This question, applied to adults, is currently before the Minnesota Supreme Court, State v. Johnson, 777 N.W.2d 767 (Minn. 2010), reviewed granted, 4/20/2010.  I wrote about the court of appeals opinion here.  For much the same reasons, the appellate court finds no fourth amendment or section 10 violation by requiring a juvenile who has been adjudicated of a gross misdemeanor arising out of the original felony offense to submit to a DNA exemplar.  The appellate court goes on to reject an equal protection claim, applying a rational basis standard of review.

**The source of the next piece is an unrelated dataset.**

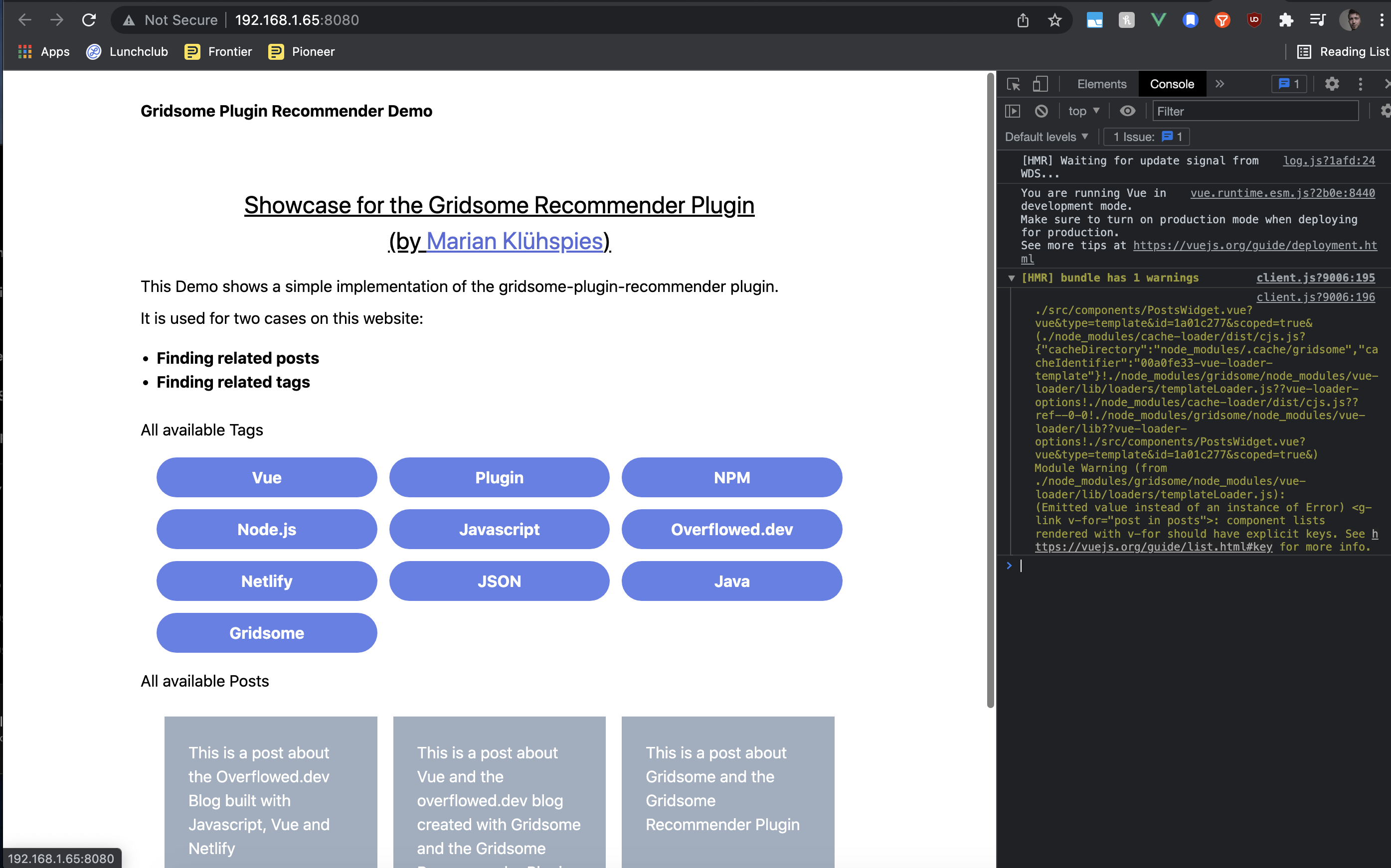Do you have the error too that I'm getting or have you managed to get your change working with vue-remark? I've checked out your branch and tried to get it working and I wanted to add another example usage to the project. The code I've posted here is not yet committed, but I think it would make sense in case the change is working. |

State May Rely Upon Drug Field Test To Establish Probable Cause

image State v. Knoch, Minn.Ct.App., 4/20/2010.  Ms. Knoch and Ms. Watson moved to dismiss their drug possession charges, arguing that the field testing of the suspected drugs was not enough to establish probable cause to support the Complaints.  They wanted the appellate court to adopt a bright line rule that required a confirmatory lab test to establish probable cause.  The facts are mostly the same, but let’s start with Ms. Knoch.

Officers executed a search warrant at Ms. Knoch’s apartment, finding some meth, along with a zippered pouch that contained pipes and baggies that contained narcotics residues.  The officers field tested one of the pipes, the Narcotic Identification Kit (NIK) Test U, described as something like a litmus test you’d use in your garden; if it turns blue add nitrogen.  In this case, if the paper turned blue, which it did,  it meant meth.  The officers did no further testing.

Now, Ms. Watson.  Police executed a search warrant at her place, finding some meth, some pipes and an electronic scale.  The officers field tested two of the three pipes, using the same test kit as they had used for Ms. Knoch, getting the same blue result on each.  Again, the officers did no further testing.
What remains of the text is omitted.